Bob sighed. “I don't have any bright ideas, if that's what you're looking for. This is a difficult time for her. We were lucky her adolescent years were relatively smooth. The biggest bump in the road was when she had to get braces for a year. She threw a bit of a tantrum about that until her best friend of the moment also got them, and suddenly braces were cool.”
“I just wish she weren't so
angry
,” she said. “Anger frightens me, Bob. It always has. It makes me feel physically ill.”

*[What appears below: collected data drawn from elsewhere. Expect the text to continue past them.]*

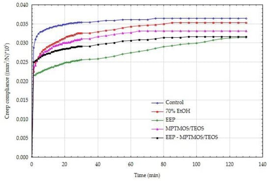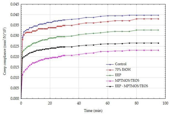Wood is a natural composite with a hierarchical structure. At the molecular level, cellulose, lignin, and hemicellulose are the main components of wood. Cellulose, which is an elastic polymer has a very small influence on the viscoelastic matrix, but lignin and hemicellulose present much more viscous behavior [48,49,50,51]. Moreover, lignin is the main component of middle lamella, which is a bonded layer connecting two adjacent cell wall and encrusting the cellulose skeleton [52]. The literature date indicate that aqueous ethanol solution dissolves a main part of lignin from the middle lamella, releasing the individual cells at sectioning [34,35]. The ethanol solution also caused the weakening of bonds between compound middle lamella and S1 layer [34,53]. The presented results indicate that wood samples impregnated with 70% EtOH showed the highest relative creep compliance in dry wood condition. Therefore, our hypothesis is that the ethanol–water mixture, which was used in the study as a solvent in impregnating formulations, could be one of the determinants of the changes occurring in the tests of treated wood creep. In turn, the lowest relative creep compliance observed in case of wood treated with the EEP-MPTMOS/TEOS could be connected with different mechanism. The constituents of propolis extract, especially when it is mixed with silicon compounds form bonds with wood, which is confirmed in the ATR-FTIR analysis. In this case, the negative effect of 70% ethanol could be compensated by permanent bonding of propolis constituents with wood components.
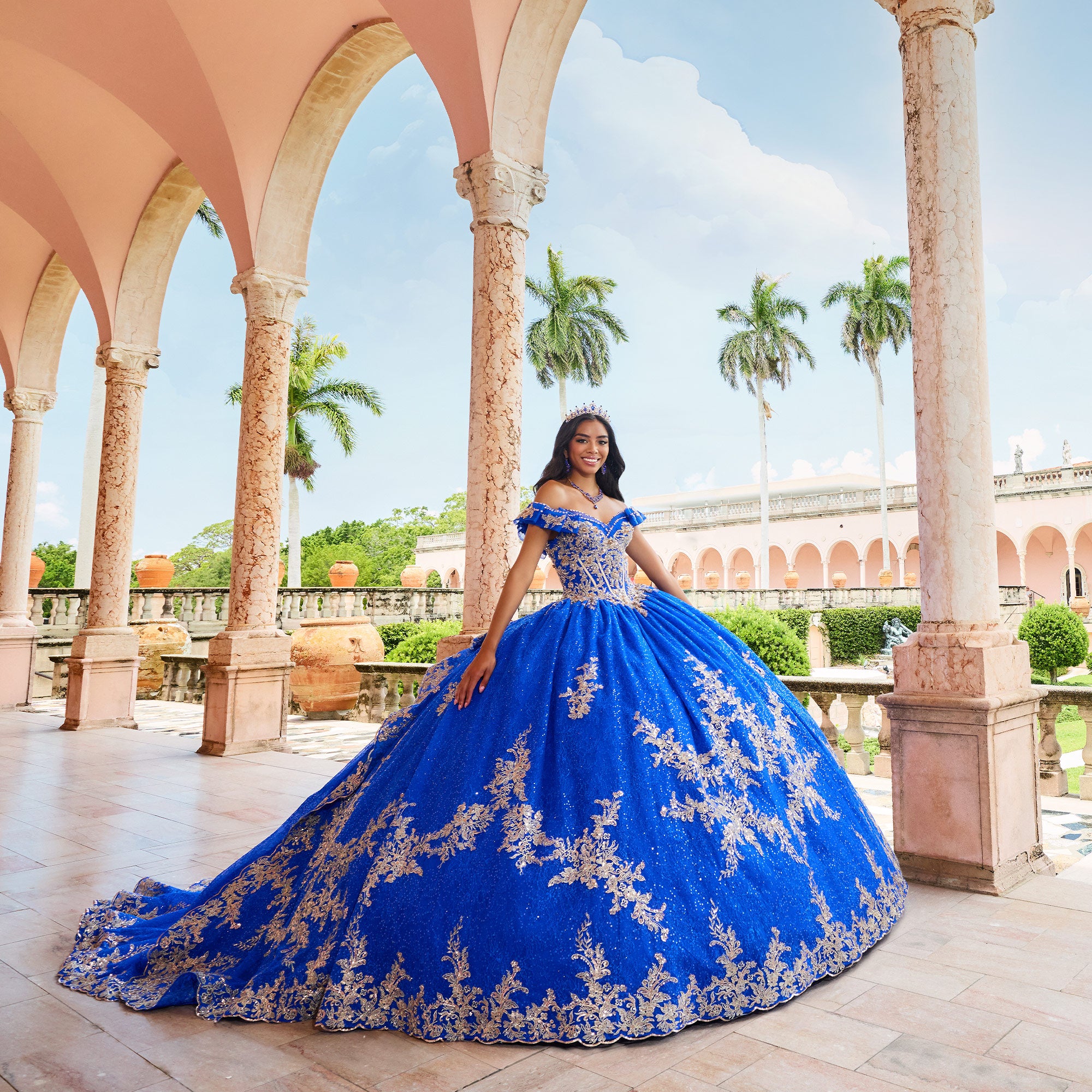 Celebrate your Quinceañera in this gorgeously regal ball gown. Crafted from luxurious allover lace, and adorned with delicate lace applique and shimmering beading, this stunning gown radiates sophistication. Unique ruffled off-the-shoulder sleeves and sparkling sequins add a touch of opulence to your look, while the stunning cathedral train adds a dramatic flourish. A matching caplet provides versatility to create two majestic Quinceañera looks in one!
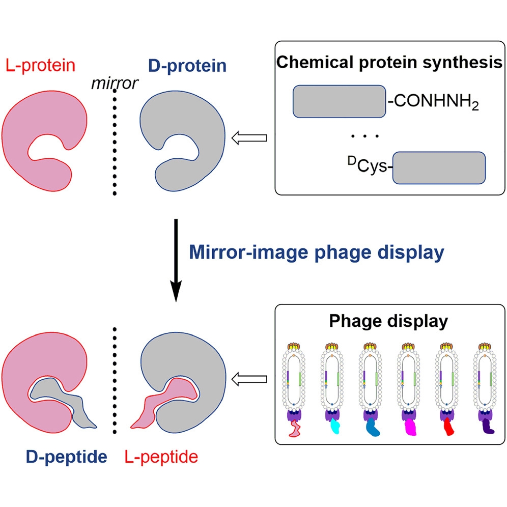 由于地球上尚未发现镜像的中心法则,镜像多肽和镜像蛋白质尚无法通过生物重组技术获取。目前,化学全合成是制备镜像多肽和镜像蛋白质的唯一途径。近年来,随着多肽和蛋白质合成及筛选技术的发展,镜像多肽和镜像蛋白质被开发出来,并在蛋白质结构解析、疾病诊断、生物医药开发、生命起源以及镜像生命再造等多个领域表现出应用潜力,受到科学家日益广泛的关注。
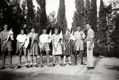 18. איתות דגלים, מימין: יוסף גולדברגר המדריך, איציק גולדברגר, ציפורה אולשה, רותי לוזינזקי, אשר גולובוב, בתיה פיינשטיין, זמירה בקמן, יוסי כץ, שנות ה-40 בחצר ביה"ס
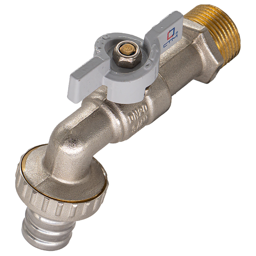 Кран шаровой 1/2″ водоразборный рычаг CTM Стандарт применяется в качестве запорной арматуры на трубопроводах систем водоснабжения, в том числе питьевого. Особенности конструкции, технологии изготовления, применяемых материалов обеспечивают долголетнюю работу шарового крана СТМ Стандарт при эксплуатации в условиях отечественных инженерных систем. Корпус и шток крана изготовлен из высококачественной горячепрессованной латуни с никелированным покрытием. Шаровой затвор изготовлен из высококачественной горячепрессованной латуни, отполирован и покрыт хромом. Герметичность затвора крана соответствует наиболее высоком классу по ГОСТу 9544-2005 — А. Наличие тефлоновых седельных колец и сальниковой прокладки позволяет использовать шаровой кран СТМ Стандарт в системах с рабочей температурой до 150 С. Наличие съемного штуцера с накидной гайкой дает возможность производить его замену в зависимости от диаметра и материала применяемого шланга. Оптимальная длина резьбы обеспечивает надёжное соединение. Кран оснащен алюминиевой ручкой-бабочкой. Техническое обслуживание крана в течение всего срока эксплуатации не требуется.
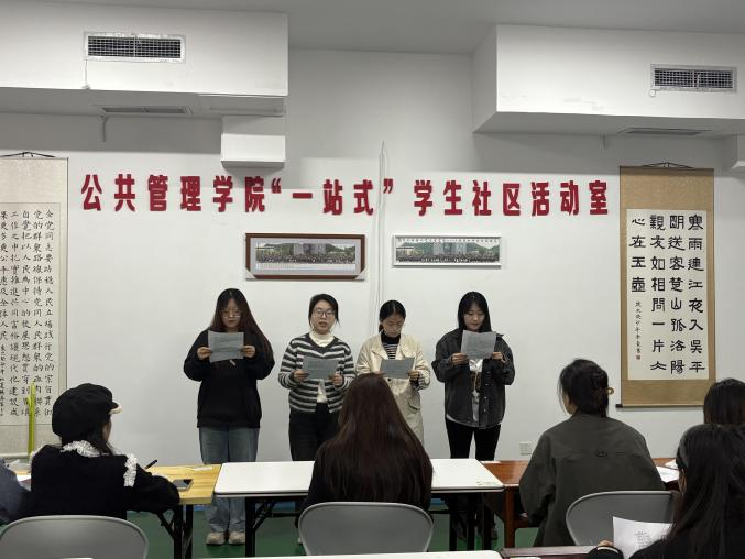 随后,四个小组依次登台展开激烈的朗诵比赛。首先由2024级社会工作班王桂萍带队朗诵《中华颂》。“中华是我们的家,我们的家叫中华!”他们用激昂的声音,对祖国的热爱表达得淋漓尽致。

“Be patient, Andie. Why don't you ask her to visit you in Woodville Junction sometime?” he suggested. “Let her see where you live, meet the people who share your day-to-day life. They're important to you, and maybe she needs to witness that.”
“I don't know, Bob. She used to enjoy our visits to the ashram and to the retreat center outside Charleston, but she was so much younger then. Do you really think asking her to visit me is a good idea? Especially now, when we're in such a bad place?”
“Maybe not right yet.” Bob sighed. “But some day.”
Andie laughed a bit desperately. “I certainly hope so.”
* * *
Later that afternoon, back at the house on Honeysuckle Lane, Andie thought about what Bob had told her—Caro Reynolds had been proud of her oldest child's achievements. Bob was right; knowing this now was better than never having known it at all. And suddenly Andie recalled the time many years earlier when she had been presented a humanitarian award from a foundation to support and promote the work of spiritual guidance and study. The reason? She had donated one hundred hours of her time to work with victims of PTSD and help them master the skills needed for a more peaceful life going forward. Her father, she remembered, had called her from Oliver's Well to congratulate her. “It's more of a recognition than an award,” she had told him, feeling a bit awkward accepting his praise. “Still,” he had replied, “I'm so proud of you.”
It wasn't something Cliff often did, Andie recalled, tell his oldest child that he was proud of her. He was more likely to praise Emma or Daniel.... But maybe, like Bob had said, that was because he had more easily understood and recognized their achievements than he had Andie's.
Andie felt a lightening of spirit—her parents had respected her!—and decided just then that she would host a feast for the family that night. She couldn't remember the last time she had made a meal for any of her family; certainly it had been years and years. And it was such a caring and generous thing to do, to cook for people you loved. She would send a text to Rumi and also ask Bob to encourage her to join them; the invitation might be better coming from both of her parents. Andie might not succeed in getting the Reynolds family to join hands in a prayer of thanks, but at least she would have the satisfaction of giving a gift.
Andie pulled out her iPhone and sent a text to Anna Maria, Bob, and to Rumi, inviting them for dinner at six-thirty that evening. Emma had left a note that she would be back soon; Andie would tell her directly. And then she would make a shopping list and head into town. Any ingredient she couldn't find at the grocery store she might be able to secure at the Eclectic Gourmet.
Andie heard the front door open and shut. A moment later Emma came into the kitchen, carrying a bag from the local independent pharmacy. “I took the last of the aspirin that was in the bathroom cupboard,” she said. “So I thought I'd better replace the bottle before Danny decided he'd pay for that, too.”
Andie smiled. “Speaking of Danny doing things for us, I thought I'd give him a break and cook dinner here for everyone tonight.”
Emma smiled. “Just don't expect to make a convert out of Danny. I don't think he'll be giving up his red meat any time soon.”
Andie laughed. “I'm not that naive.” But, she thought, reaching for her bag, if she could at least accomplish a pleasant meal around the family table, she would be happy.